Het is niet voldoende, over de afschuwelijkheid van de oorlog te jammeren; men moet de krachten opwekken en voorbereiden, die hem onmogelijk zullen maken; en wel door organisatie van de arbeiders en door socialistische propaganda. Is de arbeidersklasse in een land sterk georganiseerd zodat de grote massa’s zich verenigd hebben en bereid zijn hun persoonlijk lot geheel voor het belang van hun klasse op te offeren en van socialistisch inzicht diep vervuld, dan laten ze zich bij een dreigende spanning tussen de regeringen niet meeslepen; zijn zij dan bereid, alles te wagen, om door demonstratie of massastaking tegen de oorlog op te treden, dan kunnen zij een regering dwingen alle oorlogsplannen op te geven en niet meer met vuur te spelen.
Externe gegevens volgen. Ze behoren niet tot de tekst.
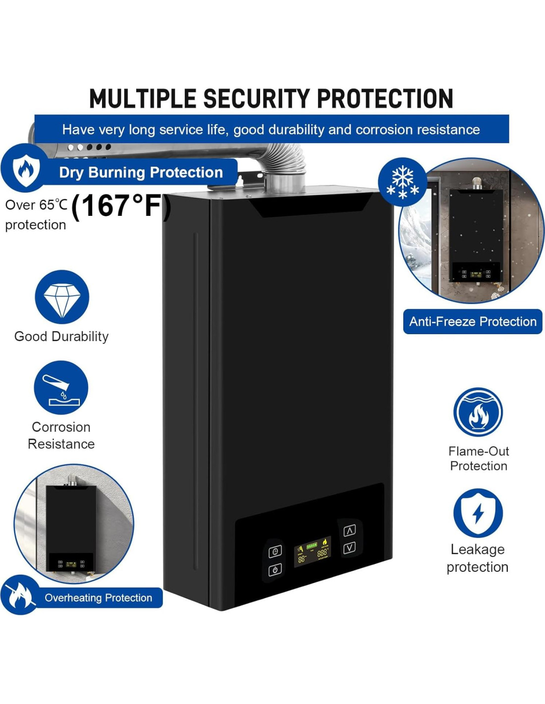 - [Material de Calidad] - Este calentador de agua está fabricado en acero inoxidable, nuestro calentador de agua a propano exhibe alta resistencia a la temperatura y resistencia a la corrosión. También cuenta con un tanque de agua de cobre sin oxígeno incorporado, reduce la pérdida de calor asegurando una vida útil prolongada. Con pantalla digital LED inteligente que ajusta sin esfuerzo la temperatura entre 86F (30C) y 167F (75C) según tus preferencias.

Zulk een goed geslaagde actie tegen de oorlog betekent dan tegelijk een geweldige aantasting van de kapitalistische alleenheerschappij, dus een stap op de weg naar de verovering van de staatsmacht door de arbeidersklasse.
Zover is het nu nog niet. Bijna overal zijn de organisaties der arbeiders nog geheel onvoldoende. En nog veel meer ontbreekt aan de geest, aan het socialistisch inzicht. Het is bij het uitbreken van deze oorlog bijzonder duidelijk gebleken, hoezeer de strijdende (sociaaldemocratische en syndicalistische) arbeiders en hun woordvoerders in alle landen onder de invloed staan van het burgerlijk patriottisme en hoe zij onder de frases van vaderlandsliefde en plicht tot verdediging van het vaderland zich met de bourgeoisie verbroederden en de internationale solidariteit van het proletariaat verscheurden. Was aan de Duitse arbeiders door hun pers een helder inzicht in de natuur van deze oorlog bijgebracht, en waren zij met volle energie opgetreden, dan was misschien de oorlog met zijn eindeloze gruwelen nog verhinderd. Dat hij uitbrak is een bewijs van de macht van het imperialisme, een bewijs van de organisatorische en vooral de geestelijke zwakheid van de arbeidersbeweging. Slechts een onvermoeide socialistische propaganda, die de hoofden verheldert en de harten tot strijd en aaneensluiting oproept, zal de voorwaarden kunnen scheppen, die het uitbreken van een oorlog in de toekomst verhindert.